# DIRECTIONS FOR THIS TASK:
After locating the line that contains "Designed for Mazzega", output that line and each one following it, exactly, to the end of the entries. No pictures.

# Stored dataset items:
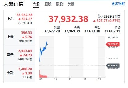 台股今天(22日)開紅走高逾327點,最高來到37969點,逼近38000點!上櫃電子與金融類股全揚升!重要電子權值股F4,約9點半前,台積電漲20元、來到2070元。廣達跌0.5元、來到339.5元。聯發科漲100元、來到2190元。台達電跌10元、來到2005元。鴻海漲9.5元、來到220.5元。
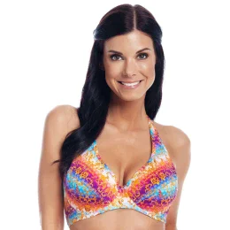 Dámské plavky Fantasy z nové kolekce Lina. Dámský horní plavkový díl s atraktivním vzorem má nevyztužené podšité košíčky s kosticemi a nižší střed. Střih košíčků a středně široký podšitý obvod podprsenky se širšími zády pro lepší oporu poprsí Vám zaručí pevné a pohodlné nošení tohoto modelu. Ramínka nejsou odepínací, jsou pevná a dají se zavázat pouze za krkem. Zadní zapínání je širší. U těchto plavek lze libovolně kombinovat spodní a horní díl v řádu zadaných velikostí jednotlivých dílů. Plavky jsou české výroby a koupí tohoto výrobku podpoříte produkci českého oděvního průmyslu.
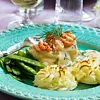 Fiskgratäng med kräftsås och gratinerade potatisrosor
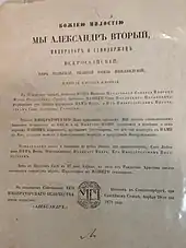 Tsar Aleksandr 2.'s manifest om Storfyrst Georgij Aleksandrovitjs fødsel.
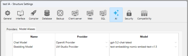 Using the Settings dialog box, the 4D developer can define a custom provider name (for example "open-ai-v1") and use this custom name in the code. They can also test it using their API key.
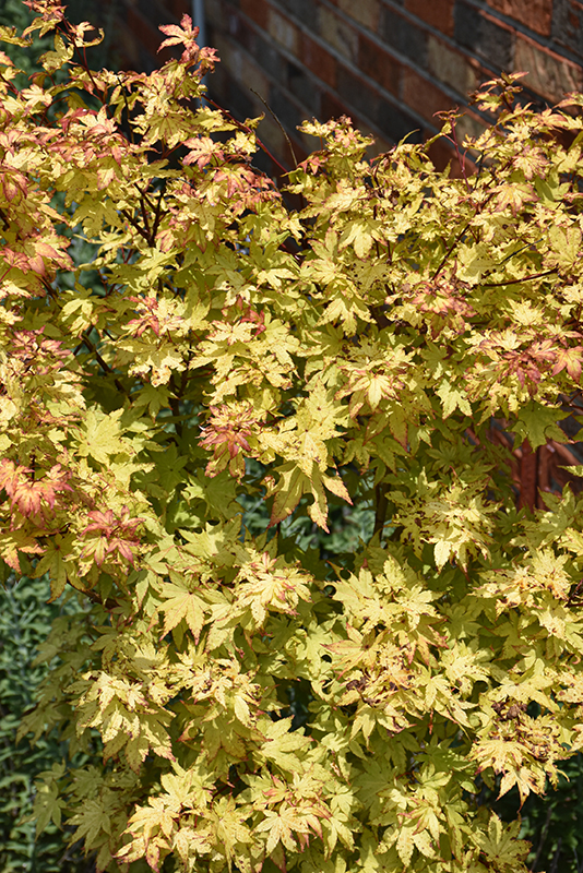 Summer Gold Japanese Maple is primarily valued in the landscape or garden for its interestingly mounded form. It has attractive orange-tipped gold foliage which emerges light green in spring. The lobed palmate leaves are highly ornamental and turn an outstanding yellow in the fall. The rough brick red bark adds an interesting dimension to the landscape.
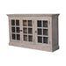 - Solid Wood Stone Wash Triple Glazed Cabinet - This glazed cabinet is constructed from 100% solid mango wood which is meticulously hot dipped using a laborious caustic wash technique. This lengthy multi-stage finishing process gives a beautiful weathered and aged acid-washed finish. It features 3 glazed doors with shelves inside to place things such as special ornaments, pictures etc as well as shiny, brass knobs on the doors.
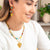 El collar Soléa, hecho en acero dorado, combina un dije grande en forma de corazón con cristales, piedra natural ágata y chaquiras en tonos vibrantes. Su diseño alegre y único transforma prendas básicas, convirtiéndolas en piezas que atraen todas las miradas. Perfecto para quienes desean un accesorio que resalte su estilo con un toque original y lleno de vida.
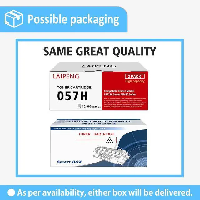 What You Will Get 2 packs compatible toner cartridge 057H with chipreplacement for Canon Cartridge 057, cartridge 057H, CRG-057, CRG-57H, CRG057, CRG057H, CRG 057, CRG 057H toner, black color. Page Yield High capacity 10000 pages at 5% coverage, A4 paper, letter. (ISO/IEC standard).
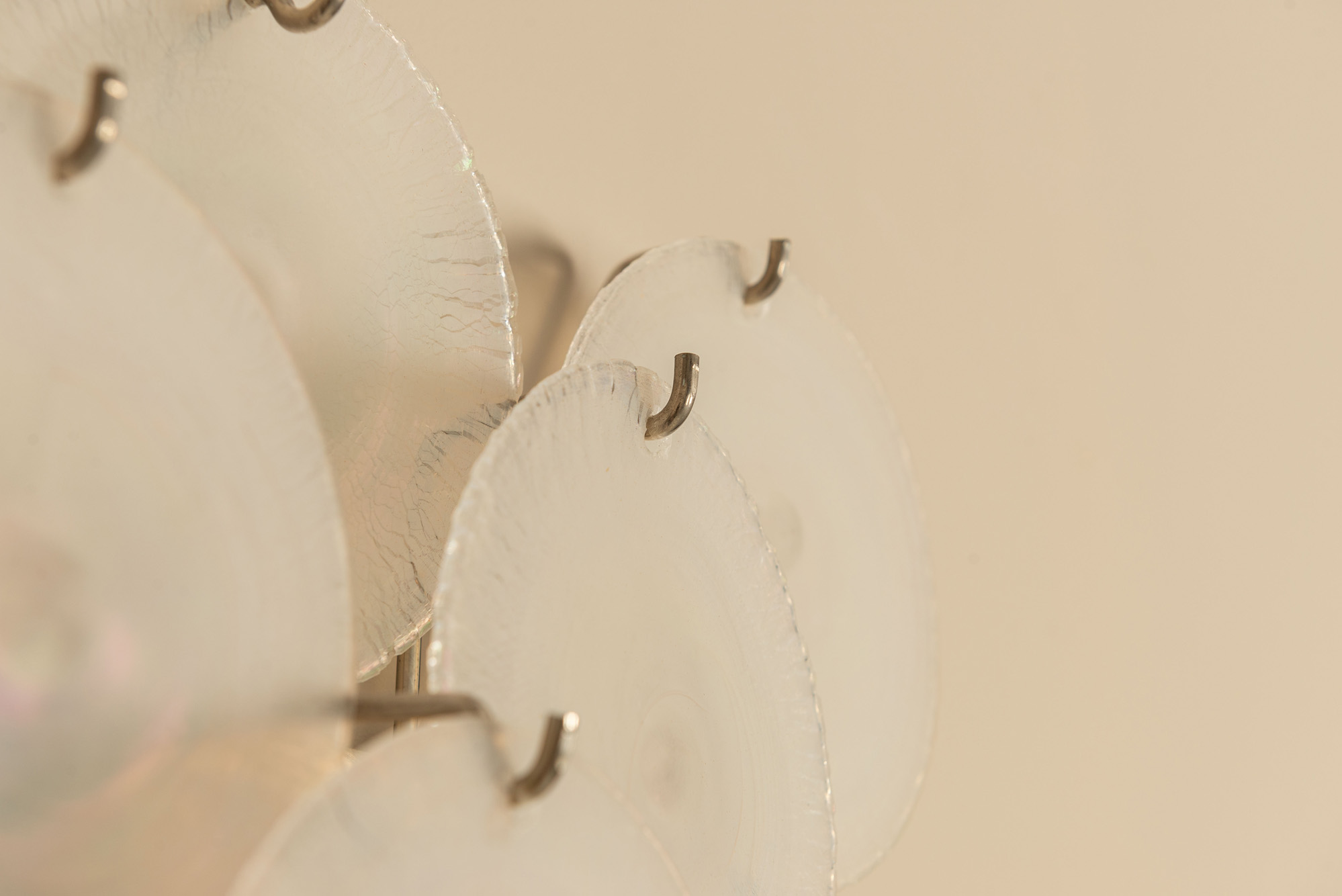 Designed for Mazzega in the early 1970s, each wall light is composed of overlapping Murano glass discs suspended on a metal frame. The discs, slightly convex with a subtle iridescence, are individually mouth-blown and display a gentle opaline sheen that catches and refracts the light when illuminated. The layered configuration creates a rhythmic pattern of soft illumination and shadow.
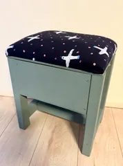 収納付きスツール 娘と一緒に収納付きスツールのWSに参加させていただきました‼️ 生地は持参させていただいて、カラーは娘チョイスでした!母は茶色系推しでしたが、娘は青系1択でした。笑 可愛く出来て満足です‼️

# RESULT FOR THIS TASK:
 Designed for Mazzega in the early 1970s, each wall light is composed of overlapping Murano glass discs suspended on a metal frame. The discs, slightly convex with a subtle iridescence, are individually mouth-blown and display a gentle opaline sheen that catches and refracts the light when illuminated. The layered configuration creates a rhythmic pattern of soft illumination and shadow.
 収納付きスツール 娘と一緒に収納付きスツールのWSに参加させていただきました‼️ 生地は持参させていただいて、カラーは娘チョイスでした!母は茶色系推しでしたが、娘は青系1択でした。笑 可愛く出来て満足です‼️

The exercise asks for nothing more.